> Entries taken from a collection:
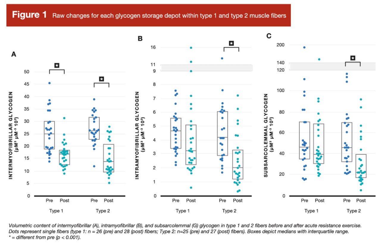 In type 1 fibers, intermyofibrillar glycogen significantly decreased by 33%. Yet type 2 fibers (fast-twitch + heavy resistance training rep ranges) showed significant reductions across all three depots: intermyofibrillar by 48%, intramyofibrillar by 54%, & subsarcolemmal by 47%. Notably, 48% of type 2 fibers also exhibited extreme intramyofibrillar depletion, which was rare in type 1 fibers.
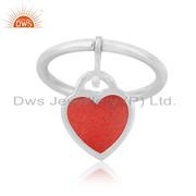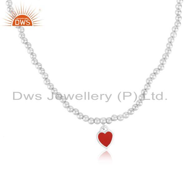 Red Enamel Heart Charm Beaded Necklace In Rhodium Over Silver
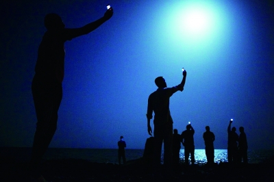 非洲移民夜晚聚集在吉布提海岸,举起手机接收邻国的廉价信号。吉布提是索马里、埃塞俄比亚等国移民至海外的中转站,这些移民将前往欧洲或中东寻求更好的生活。《信号》,2014年荷赛年度图片奖,约翰·斯坦梅耶摄
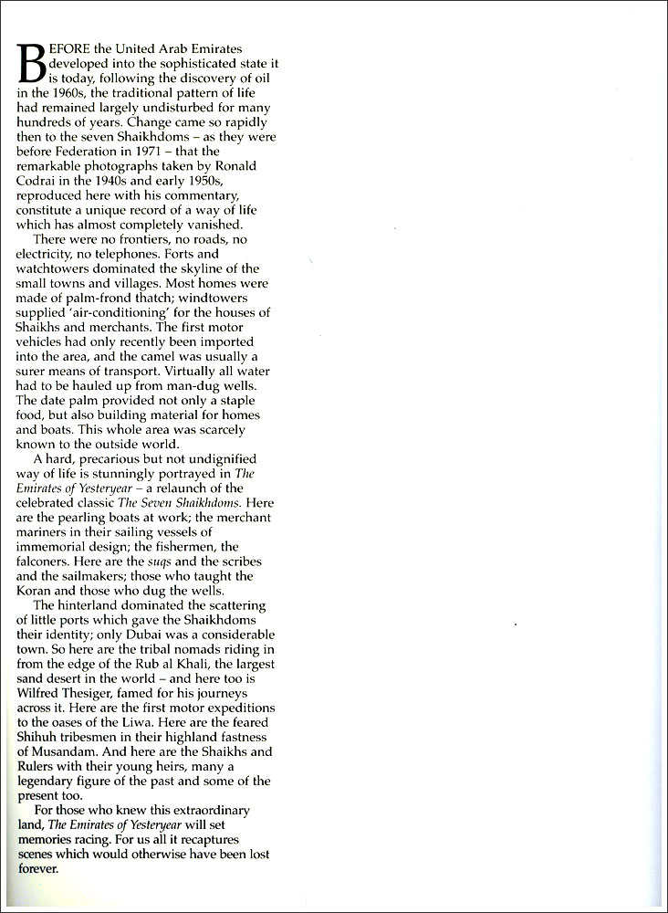 The Emirates of Yesteryear, the re-launch of the celebrated book The Seven Shaikhdoms, is a classic account of a nation's birth. It forms a unique photographic record of Dubai, Abu Dhabi, Sharjah, Umm al Quwain, Fujairah, Ras al Khaima and Ajman before they formed the sophisticated Arab Emirates we know today. The photographs, taken by Ronald Codrai in the 1940s and 50s, depict a way of life which has almost completely vanished.
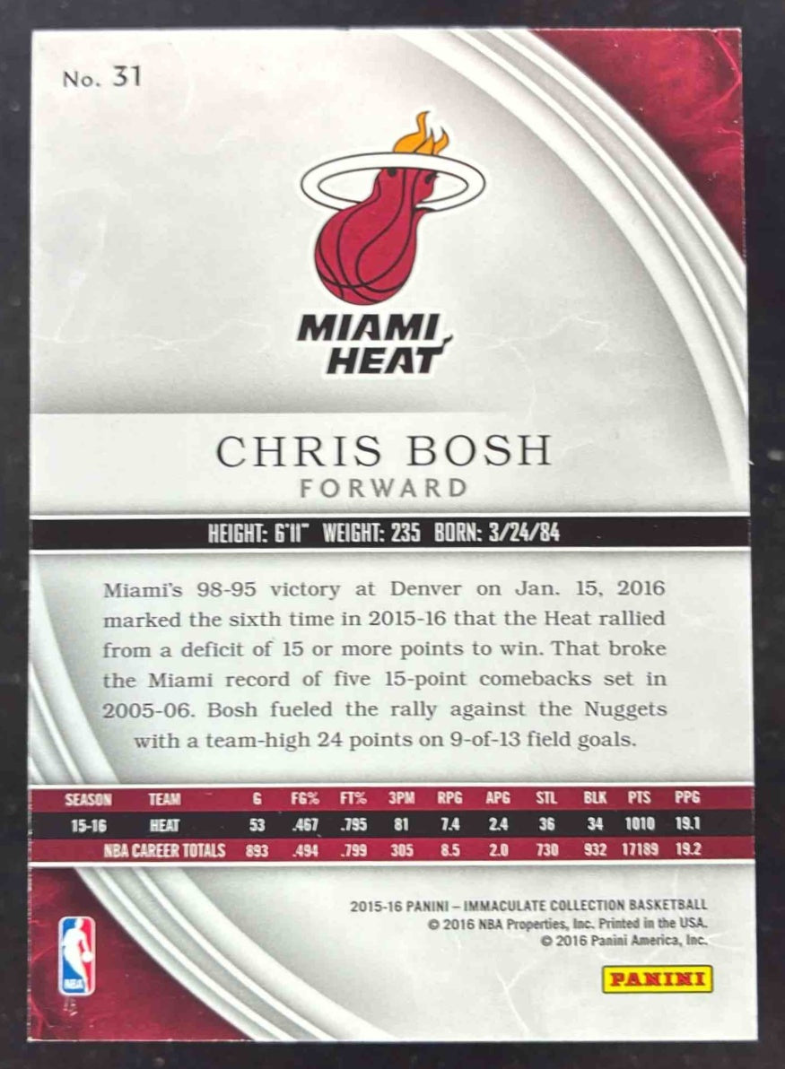 2015-16 Panini Immaculate Collection Bronze #31 Chris Bosh /49

> YOUR INSTRUCTIONS:
The response should be the lines from the one containing "The Emirates of" through the final line of the records, reproduced exactly and with every picture left out.

> ANSWER BOX:
 The Emirates of Yesteryear, the re-launch of the celebrated book The Seven Shaikhdoms, is a classic account of a nation's birth. It forms a unique photographic record of Dubai, Abu Dhabi, Sharjah, Umm al Quwain, Fujairah, Ras al Khaima and Ajman before they formed the sophisticated Arab Emirates we know today. The photographs, taken by Ronald Codrai in the 1940s and 50s, depict a way of life which has almost completely vanished.
 2015-16 Panini Immaculate Collection Bronze #31 Chris Bosh /49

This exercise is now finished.